◆ **Supplied data**
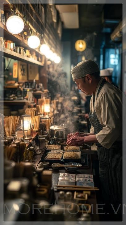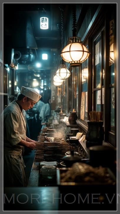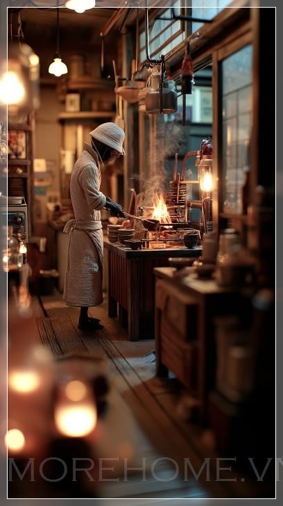 Với ánh sáng ấm áp từ các bóng đèn cổ điển, không gian bếp như một bức tranh sống động của những năm tháng xưa cũ. Cảnh sắc đậm chất điện ảnh khiến cho mỗi hành động của Ittanmomen đều mang một vẻ đẹp đặc biệt. Từng chuyển động trong công việc nấu nướng như thể không chỉ là nấu ăn mà còn là một nghi thức thiêng liêng, gắn liền với truyền thống và văn hóa lâu đời của Nhật Bản. Từng sợi soba chín dần trong nồi nước sôi tạo nên sự hài hòa tuyệt vời trong bức tranh bếp núc ấy.
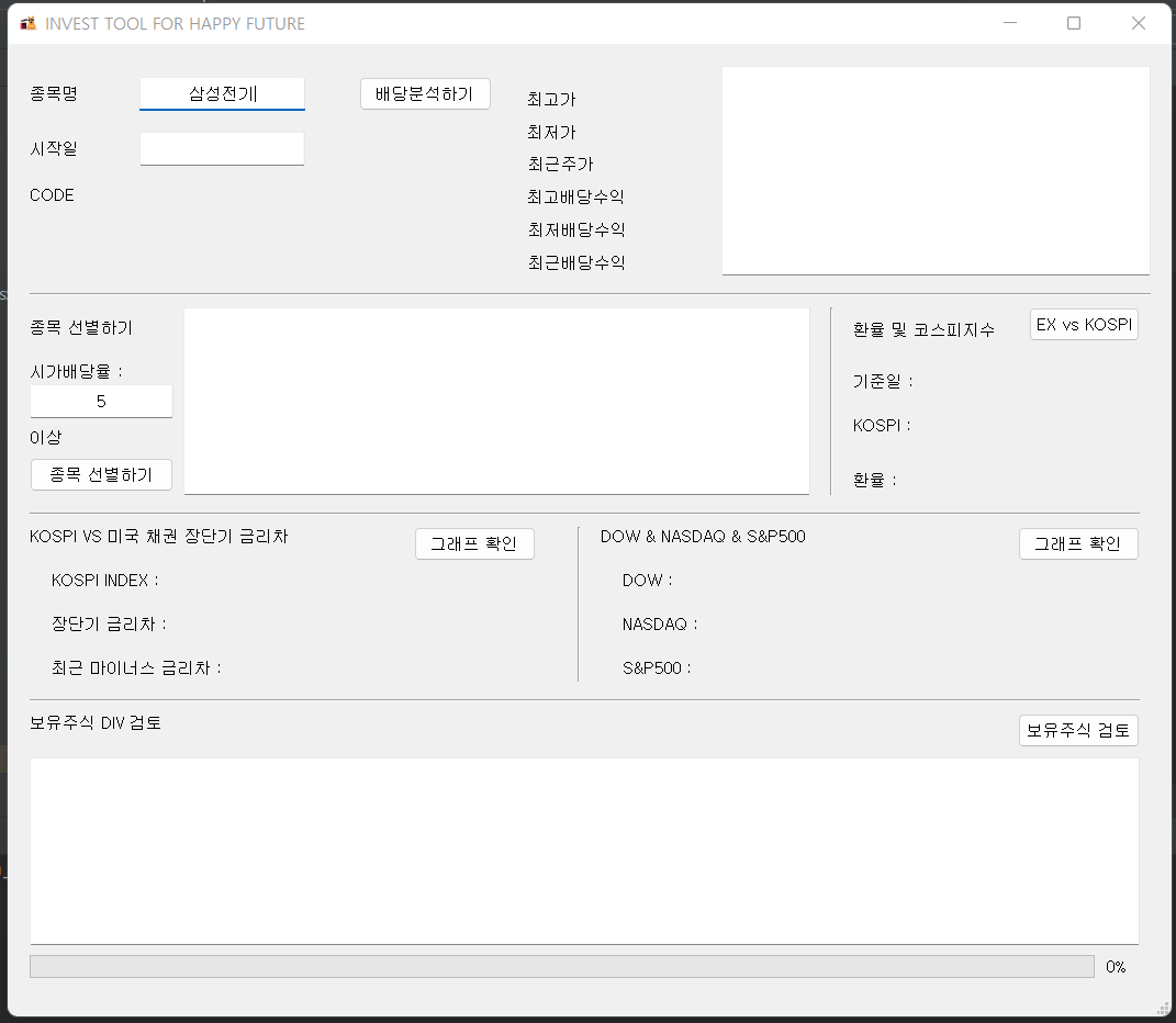 인간이란 동물은 주식투자에 실패하도록 진화가 되어서 주가를 보다보면 잘못된 선택을 하게 된다. 그래서 배당률을 기준으로 최대한 기계적으로 투자를 하기 위해 만들어 보았다.
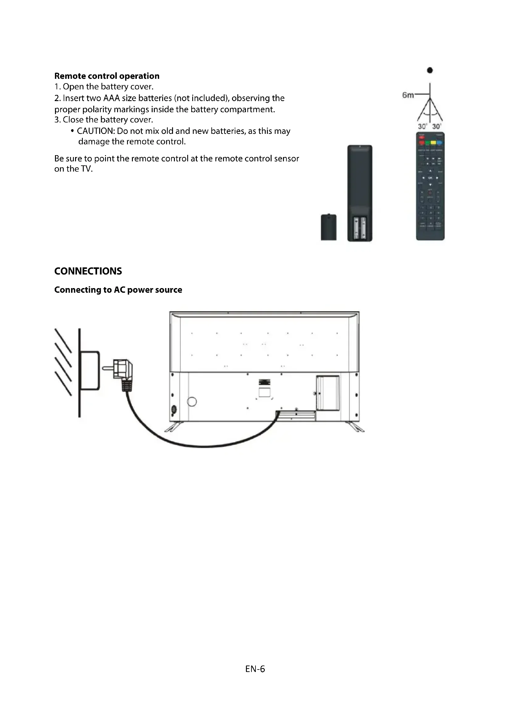 CAUTION: Do not mix old and new batteries, as this may damage the remote control. Be sure to point the remote control at the remote control sensor on the TV.
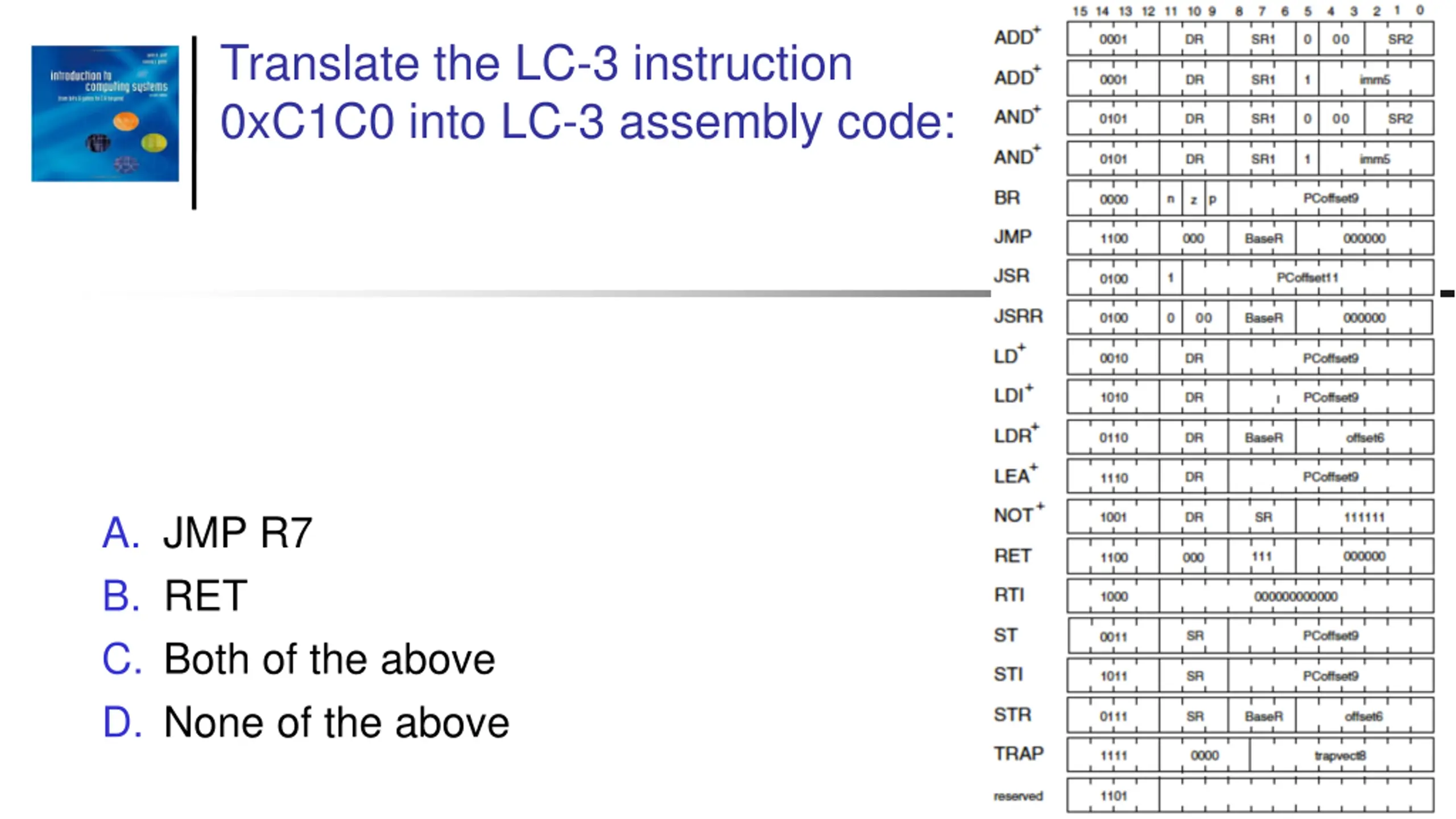 Translate the LC-3 instruction 0xC1C0 into LC-3 assembly code: A. JMP R7 B. RET C. Both of the above D. None of the above
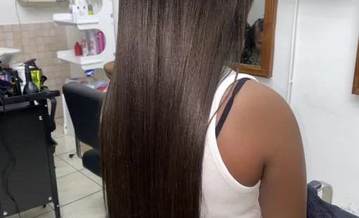 FANTASIA HAIR BEAUTY prestation effectuée sur une cliente pour une brushing droit au Port votre salon de coiffure au Port, vous accueil avec ou sans r...
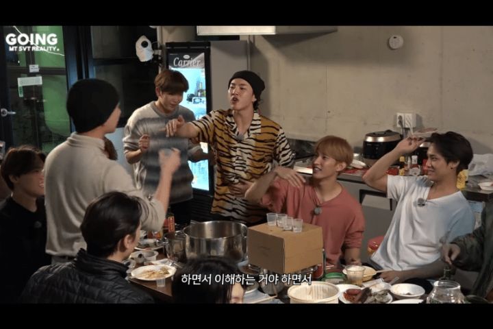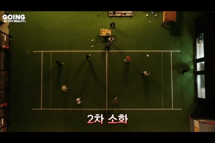 세븐틴 엠티루틴: 노래방-족구-밥-노래방-족구-노래방-족구-노래방-족구.....
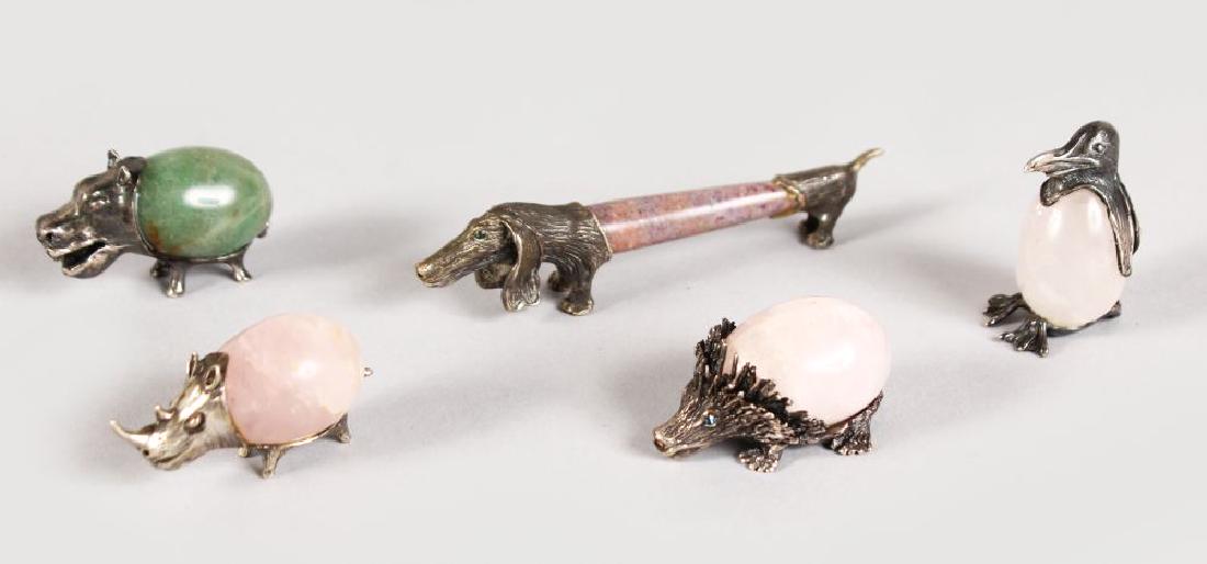 FIVE .800 SILVER MOUNTED ANIMALS, Penguin, Hedgehog,
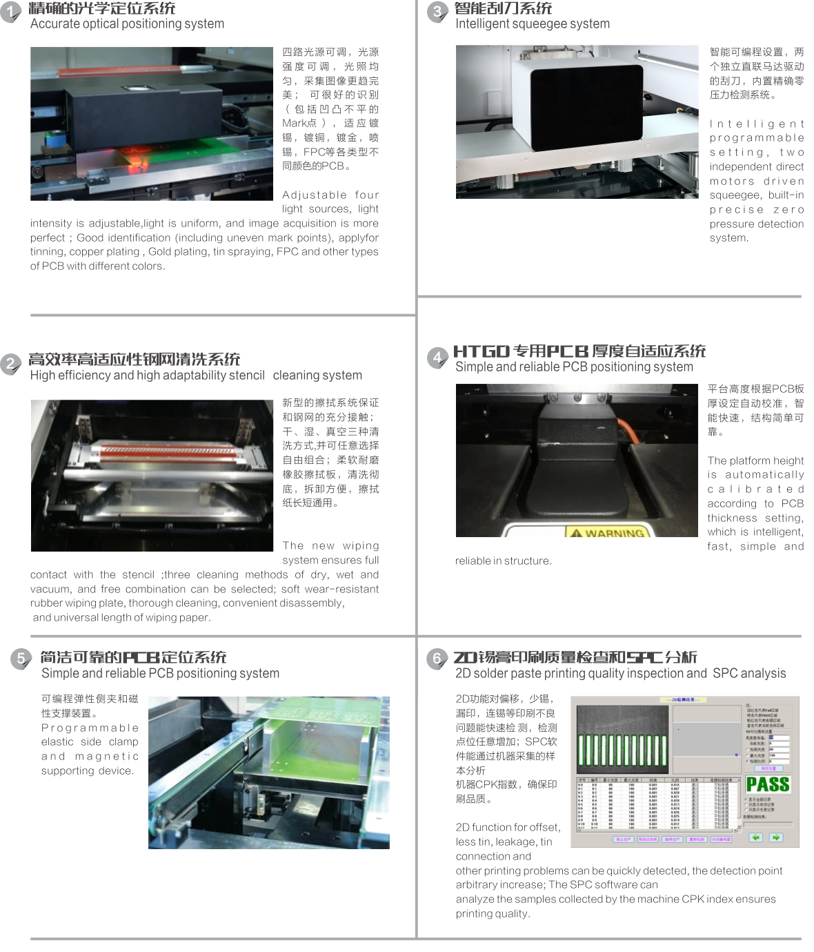 ● 高分辨率的視覺處理,高精度的傳動系統(tǒng),懸浮式自適應刮刀,精確的板定位處理,靈巧的網(wǎng)框夾緊結(jié)構(gòu),兼具準確和高靈活性,除了提供高效,精確的印刷功能外,更為客戶提供突出的高性價比
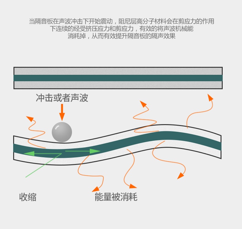 时,板中间的高分子材料会在剪应力的作用下连续的经受挤压应力和剪应力,有效地将声波的机械能转化为热能耗散
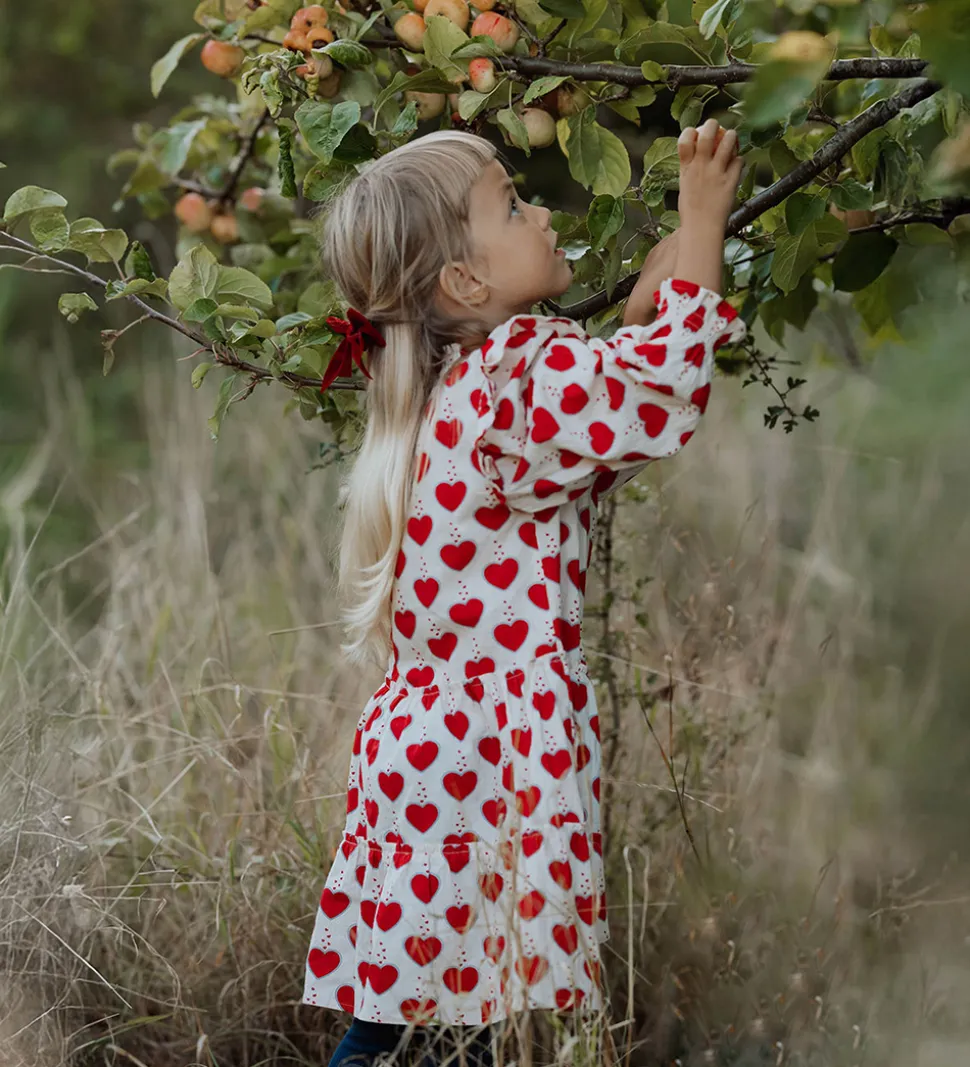 Elegant Fliink kjole i råhvid bæk og bølge med hjerteprint i rød. Kjolen har en rund, elastisk halsudskæring og lange ærmer med flæseafslutning. Ved skuldrene er der flæsedetaljer, og kjolen har god vidde i skørtet.

◆ **What is being asked**
Where pictures sit among the data above, omit them, and output the rest exactly.

◆ **Task solution**
 Với ánh sáng ấm áp từ các bóng đèn cổ điển, không gian bếp như một bức tranh sống động của những năm tháng xưa cũ. Cảnh sắc đậm chất điện ảnh khiến cho mỗi hành động của Ittanmomen đều mang một vẻ đẹp đặc biệt. Từng chuyển động trong công việc nấu nướng như thể không chỉ là nấu ăn mà còn là một nghi thức thiêng liêng, gắn liền với truyền thống và văn hóa lâu đời của Nhật Bản. Từng sợi soba chín dần trong nồi nước sôi tạo nên sự hài hòa tuyệt vời trong bức tranh bếp núc ấy.
 인간이란 동물은 주식투자에 실패하도록 진화가 되어서 주가를 보다보면 잘못된 선택을 하게 된다. 그래서 배당률을 기준으로 최대한 기계적으로 투자를 하기 위해 만들어 보았다.
 CAUTION: Do not mix old and new batteries, as this may damage the remote control. Be sure to point the remote control at the remote control sensor on the TV.
 Translate the LC-3 instruction 0xC1C0 into LC-3 assembly code: A. JMP R7 B. RET C. Both of the above D. None of the above
 FANTASIA HAIR BEAUTY prestation effectuée sur une cliente pour une brushing droit au Port votre salon de coiffure au Port, vous accueil avec ou sans r...
 세븐틴 엠티루틴: 노래방-족구-밥-노래방-족구-노래방-족구-노래방-족구.....
 FIVE .800 SILVER MOUNTED ANIMALS, Penguin, Hedgehog,
 ● 高分辨率的視覺處理,高精度的傳動系統(tǒng),懸浮式自適應刮刀,精確的板定位處理,靈巧的網(wǎng)框夾緊結(jié)構(gòu),兼具準確和高靈活性,除了提供高效,精確的印刷功能外,更為客戶提供突出的高性價比
 时,板中间的高分子材料会在剪应力的作用下连续的经受挤压应力和剪应力,有效地将声波的机械能转化为热能耗散
 Elegant Fliink kjole i råhvid bæk og bølge med hjerteprint i rød. Kjolen har en rund, elastisk halsudskæring og lange ærmer med flæseafslutning. Ved skuldrene er der flæsedetaljer, og kjolen har god vidde i skørtet.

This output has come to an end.